The internationalism of the youth was clearly expressed by the slogan, “We’re going to do what they did in France”.
The mobilisation is dominated by the forces of the Greek left that supported the ESF. The largest left party, the Greek Communist Party (KKE), that condemned the ESF as a tool of imperialism, has a typically sectarian approach to the movement and has called its own demonstrations rather than supporting those organised through the student co-ordinations. There is however, a major pressure from the KKE’s rank and file to participate, and many have in practice.
Likewise, the Greek Social Democrats (Pasok), who at the national level support the government reform programmes, have split in the universities, with around half their student membership supporting the protests.
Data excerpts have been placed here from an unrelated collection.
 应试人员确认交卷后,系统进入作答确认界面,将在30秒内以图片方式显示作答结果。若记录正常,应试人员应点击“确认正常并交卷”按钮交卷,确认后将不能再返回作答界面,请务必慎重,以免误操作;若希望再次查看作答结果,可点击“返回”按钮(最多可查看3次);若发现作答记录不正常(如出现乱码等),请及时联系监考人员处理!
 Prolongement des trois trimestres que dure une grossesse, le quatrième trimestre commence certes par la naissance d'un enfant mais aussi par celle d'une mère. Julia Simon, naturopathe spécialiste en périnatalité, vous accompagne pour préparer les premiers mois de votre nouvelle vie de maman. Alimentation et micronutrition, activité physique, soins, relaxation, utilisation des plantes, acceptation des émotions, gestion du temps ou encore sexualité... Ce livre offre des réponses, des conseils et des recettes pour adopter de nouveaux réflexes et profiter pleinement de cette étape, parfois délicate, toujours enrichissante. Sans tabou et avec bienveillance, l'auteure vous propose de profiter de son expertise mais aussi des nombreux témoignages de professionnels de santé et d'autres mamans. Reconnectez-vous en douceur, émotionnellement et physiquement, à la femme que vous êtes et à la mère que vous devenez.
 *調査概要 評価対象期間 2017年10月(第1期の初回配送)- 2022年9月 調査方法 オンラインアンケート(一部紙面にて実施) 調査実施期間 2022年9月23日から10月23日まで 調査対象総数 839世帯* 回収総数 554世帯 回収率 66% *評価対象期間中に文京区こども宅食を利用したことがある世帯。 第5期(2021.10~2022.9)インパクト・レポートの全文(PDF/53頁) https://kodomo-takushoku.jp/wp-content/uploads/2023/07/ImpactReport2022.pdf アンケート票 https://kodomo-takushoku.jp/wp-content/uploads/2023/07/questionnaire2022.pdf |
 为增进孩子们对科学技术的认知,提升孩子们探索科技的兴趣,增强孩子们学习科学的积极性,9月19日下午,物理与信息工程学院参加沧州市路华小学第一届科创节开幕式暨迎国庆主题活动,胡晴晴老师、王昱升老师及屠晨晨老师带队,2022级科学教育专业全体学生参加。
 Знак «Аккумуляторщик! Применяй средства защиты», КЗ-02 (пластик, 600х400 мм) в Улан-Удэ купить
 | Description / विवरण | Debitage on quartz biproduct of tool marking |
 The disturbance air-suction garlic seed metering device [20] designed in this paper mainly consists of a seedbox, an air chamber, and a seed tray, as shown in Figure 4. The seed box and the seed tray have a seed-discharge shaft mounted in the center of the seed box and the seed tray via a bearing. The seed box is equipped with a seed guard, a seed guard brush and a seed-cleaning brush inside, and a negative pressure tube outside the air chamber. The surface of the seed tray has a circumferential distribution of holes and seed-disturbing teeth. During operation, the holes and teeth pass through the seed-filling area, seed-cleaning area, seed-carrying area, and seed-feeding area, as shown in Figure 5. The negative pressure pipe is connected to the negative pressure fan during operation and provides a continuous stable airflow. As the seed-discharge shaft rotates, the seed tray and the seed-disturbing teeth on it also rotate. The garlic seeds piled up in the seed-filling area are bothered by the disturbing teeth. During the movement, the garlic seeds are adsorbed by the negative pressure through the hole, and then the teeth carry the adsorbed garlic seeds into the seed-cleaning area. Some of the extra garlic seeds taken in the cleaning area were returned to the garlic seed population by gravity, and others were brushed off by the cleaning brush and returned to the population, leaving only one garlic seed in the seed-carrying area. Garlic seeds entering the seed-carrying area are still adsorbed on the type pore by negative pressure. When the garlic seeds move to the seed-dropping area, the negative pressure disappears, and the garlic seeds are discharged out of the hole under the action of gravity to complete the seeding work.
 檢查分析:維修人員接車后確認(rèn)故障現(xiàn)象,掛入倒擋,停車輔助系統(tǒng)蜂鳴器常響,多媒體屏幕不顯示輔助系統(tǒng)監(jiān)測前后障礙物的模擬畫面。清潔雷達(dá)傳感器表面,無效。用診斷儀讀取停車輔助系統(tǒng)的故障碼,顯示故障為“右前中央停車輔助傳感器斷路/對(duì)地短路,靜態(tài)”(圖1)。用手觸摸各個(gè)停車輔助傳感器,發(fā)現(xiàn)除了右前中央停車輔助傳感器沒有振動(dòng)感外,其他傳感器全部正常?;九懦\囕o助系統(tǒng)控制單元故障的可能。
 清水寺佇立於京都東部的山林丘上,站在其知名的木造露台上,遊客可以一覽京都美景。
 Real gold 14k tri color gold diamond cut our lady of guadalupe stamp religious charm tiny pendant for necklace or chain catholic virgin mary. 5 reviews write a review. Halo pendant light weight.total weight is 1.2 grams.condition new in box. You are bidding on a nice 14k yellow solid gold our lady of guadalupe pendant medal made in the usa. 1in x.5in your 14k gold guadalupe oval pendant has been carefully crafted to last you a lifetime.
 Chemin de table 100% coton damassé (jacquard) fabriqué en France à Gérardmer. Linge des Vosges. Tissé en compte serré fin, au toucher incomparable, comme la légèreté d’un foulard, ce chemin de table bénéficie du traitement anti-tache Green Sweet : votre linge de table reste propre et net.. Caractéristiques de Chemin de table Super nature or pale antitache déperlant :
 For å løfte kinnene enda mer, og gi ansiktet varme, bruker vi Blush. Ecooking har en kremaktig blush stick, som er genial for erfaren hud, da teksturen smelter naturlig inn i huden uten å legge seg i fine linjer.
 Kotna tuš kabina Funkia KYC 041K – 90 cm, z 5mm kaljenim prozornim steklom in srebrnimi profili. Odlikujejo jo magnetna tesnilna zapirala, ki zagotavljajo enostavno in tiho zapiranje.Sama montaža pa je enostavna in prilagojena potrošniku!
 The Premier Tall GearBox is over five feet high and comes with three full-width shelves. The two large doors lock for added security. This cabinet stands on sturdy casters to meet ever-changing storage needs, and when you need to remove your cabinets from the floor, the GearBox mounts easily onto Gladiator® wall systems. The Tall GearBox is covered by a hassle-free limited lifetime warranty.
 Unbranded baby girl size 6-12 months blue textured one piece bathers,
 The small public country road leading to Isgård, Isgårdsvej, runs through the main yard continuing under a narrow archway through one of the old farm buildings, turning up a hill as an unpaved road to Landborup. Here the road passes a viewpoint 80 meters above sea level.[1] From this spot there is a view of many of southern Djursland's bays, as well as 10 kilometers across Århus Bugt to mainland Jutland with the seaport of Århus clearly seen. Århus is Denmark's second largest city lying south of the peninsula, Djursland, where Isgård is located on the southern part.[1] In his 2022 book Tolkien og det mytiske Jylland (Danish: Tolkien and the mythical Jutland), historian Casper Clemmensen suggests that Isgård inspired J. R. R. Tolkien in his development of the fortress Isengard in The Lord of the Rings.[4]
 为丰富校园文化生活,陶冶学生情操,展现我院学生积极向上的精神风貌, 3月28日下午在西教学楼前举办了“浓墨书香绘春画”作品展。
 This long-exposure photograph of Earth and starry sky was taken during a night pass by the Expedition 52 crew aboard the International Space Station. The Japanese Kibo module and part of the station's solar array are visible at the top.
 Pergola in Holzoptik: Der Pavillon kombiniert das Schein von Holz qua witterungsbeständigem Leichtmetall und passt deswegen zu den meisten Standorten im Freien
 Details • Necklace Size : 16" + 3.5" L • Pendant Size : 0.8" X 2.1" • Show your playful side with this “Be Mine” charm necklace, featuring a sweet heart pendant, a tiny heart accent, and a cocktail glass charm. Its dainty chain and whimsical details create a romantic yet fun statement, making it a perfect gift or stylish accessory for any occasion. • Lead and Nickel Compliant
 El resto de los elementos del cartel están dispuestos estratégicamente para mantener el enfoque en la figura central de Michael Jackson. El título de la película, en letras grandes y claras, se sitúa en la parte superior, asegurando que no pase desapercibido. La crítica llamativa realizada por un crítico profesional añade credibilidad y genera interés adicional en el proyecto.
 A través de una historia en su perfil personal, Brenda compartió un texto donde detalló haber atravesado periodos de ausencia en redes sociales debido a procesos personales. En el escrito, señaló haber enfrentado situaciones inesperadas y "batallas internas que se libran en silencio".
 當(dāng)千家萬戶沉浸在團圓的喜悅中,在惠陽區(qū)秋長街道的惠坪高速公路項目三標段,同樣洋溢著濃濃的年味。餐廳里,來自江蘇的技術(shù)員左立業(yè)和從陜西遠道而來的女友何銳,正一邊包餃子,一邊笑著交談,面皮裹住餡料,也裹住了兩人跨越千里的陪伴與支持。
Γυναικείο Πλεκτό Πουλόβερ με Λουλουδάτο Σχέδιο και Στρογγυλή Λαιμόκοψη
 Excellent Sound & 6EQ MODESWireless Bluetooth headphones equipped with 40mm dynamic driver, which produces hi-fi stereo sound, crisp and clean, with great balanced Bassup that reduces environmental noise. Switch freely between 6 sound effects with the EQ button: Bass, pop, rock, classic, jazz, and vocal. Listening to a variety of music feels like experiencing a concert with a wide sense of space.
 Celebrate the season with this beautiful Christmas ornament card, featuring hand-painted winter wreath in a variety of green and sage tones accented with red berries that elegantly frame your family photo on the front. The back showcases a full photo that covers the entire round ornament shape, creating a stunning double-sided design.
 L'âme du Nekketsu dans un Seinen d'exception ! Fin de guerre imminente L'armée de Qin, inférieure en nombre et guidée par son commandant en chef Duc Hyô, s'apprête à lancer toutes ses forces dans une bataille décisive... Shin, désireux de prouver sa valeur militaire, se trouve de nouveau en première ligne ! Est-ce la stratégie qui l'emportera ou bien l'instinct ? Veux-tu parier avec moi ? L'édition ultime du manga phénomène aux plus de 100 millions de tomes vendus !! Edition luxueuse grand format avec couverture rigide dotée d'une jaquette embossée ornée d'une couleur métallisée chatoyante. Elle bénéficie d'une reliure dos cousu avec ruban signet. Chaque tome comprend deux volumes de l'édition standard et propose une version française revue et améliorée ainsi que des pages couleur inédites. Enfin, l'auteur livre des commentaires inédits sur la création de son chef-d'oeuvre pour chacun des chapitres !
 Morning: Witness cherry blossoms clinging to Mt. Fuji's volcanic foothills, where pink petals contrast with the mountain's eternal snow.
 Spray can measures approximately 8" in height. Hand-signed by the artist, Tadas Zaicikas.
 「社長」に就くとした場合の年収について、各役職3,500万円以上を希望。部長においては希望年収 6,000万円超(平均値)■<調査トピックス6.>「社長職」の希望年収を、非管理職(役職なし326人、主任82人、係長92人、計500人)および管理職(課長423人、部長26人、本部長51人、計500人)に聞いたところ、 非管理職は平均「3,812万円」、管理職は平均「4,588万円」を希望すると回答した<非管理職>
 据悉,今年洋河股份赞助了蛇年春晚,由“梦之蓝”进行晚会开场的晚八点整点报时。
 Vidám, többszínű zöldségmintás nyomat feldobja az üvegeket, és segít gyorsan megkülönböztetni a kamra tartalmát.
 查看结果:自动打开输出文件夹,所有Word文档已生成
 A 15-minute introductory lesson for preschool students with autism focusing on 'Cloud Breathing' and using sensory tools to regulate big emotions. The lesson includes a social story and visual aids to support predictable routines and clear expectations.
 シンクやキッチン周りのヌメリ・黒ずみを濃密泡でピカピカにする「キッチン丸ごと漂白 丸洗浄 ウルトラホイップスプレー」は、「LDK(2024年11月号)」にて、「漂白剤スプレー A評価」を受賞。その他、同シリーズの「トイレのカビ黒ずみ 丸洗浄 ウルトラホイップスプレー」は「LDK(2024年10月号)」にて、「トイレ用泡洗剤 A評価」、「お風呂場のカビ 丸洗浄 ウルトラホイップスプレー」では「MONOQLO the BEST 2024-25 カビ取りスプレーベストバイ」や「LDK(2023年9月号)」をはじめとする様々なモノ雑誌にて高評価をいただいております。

This has left the leadership of the movement open to the far left who were already a significant force in student politics but some way behind the KKE and Pasok. For example, in the annual student elections, in which around 70–80% of students usually participate, the EAAK, a coalition of far left groups, polled around 8.5% in the last elections compared to 14% for the Communist Party and 26% for Pasok.
The left reformist party Synaspismos, that polled just 2.5% in the last student elections, and the sister organisation of the British Socialist Workers Party, the SEK that polled 0.3% (under the banner of its front, Genoa 2001), have also been involved.
The movement looks like it is close to an important victory, as the government increasingly appears as though it will back down in the face of the threat of workers’ actions. If it transpires that the movement is indeed victorious this will be a great moment, just as the victory over the CPE was in France, earlier this Spring.
It will be victory that will pose new possibilities. The major question facing the social forces that have mobilised against the neoliberal attacks over the last five years is the question of power: what kind of government should the movement fight for in order to halt the wave of neoliberal attacks?
In Italy recently, the response of Rifondazione Communista to this problem has been to enter the social liberal government of Prodi in the hope that it can mollify the worst components of its attacks. This pressure to enter government in coalition with pro-neoliberal, and even outright bourgeois parties exists in Germany (Left Party), France (Communist Party) and Greece (Synapismos) too.
At a time, when Europe’s workers and youth are showing their will and capacity to fight on the streets to drive back the neoliberal offensive, such governments would do nothing but disorientate the vanguard of working class fighters. They would create an incredible pressure on workers “not to rock the boat”, “to give the government time” as Europe’s social democracy continues to implement the bosses’ neoliberal programme.
The alternative to this is to fight within the working class, its trade unions, the social movements, anti-neoliberal forums, and so on, for the goal of workers’ governments committed to democratic planning, and won through revolutionary action.
The general strike is the key to getting such a government. The student co-ordinations should immediately organise delegations to the factories and offices, the transport and communications centres to call on the workers to bring forward their own demands: for a 35-hour week to soak up unemployment, for real wage rises, for decent public services paid for by the corporations and the rich.
Such a general strike would have to be indefinite, not another one-day protest. It is important the government knows the movement means business. It would also have to be controlled by co-ordinations, which need to be broadened to include workers’ delegates. But it could very quickly force the withdrawal not just of the education “reforms”, but of the whole government, and pose the question of who runs society.
If it does so, then the Greek movement could have even wider consequences for the masters of Europe than this Spring’s French rebellion.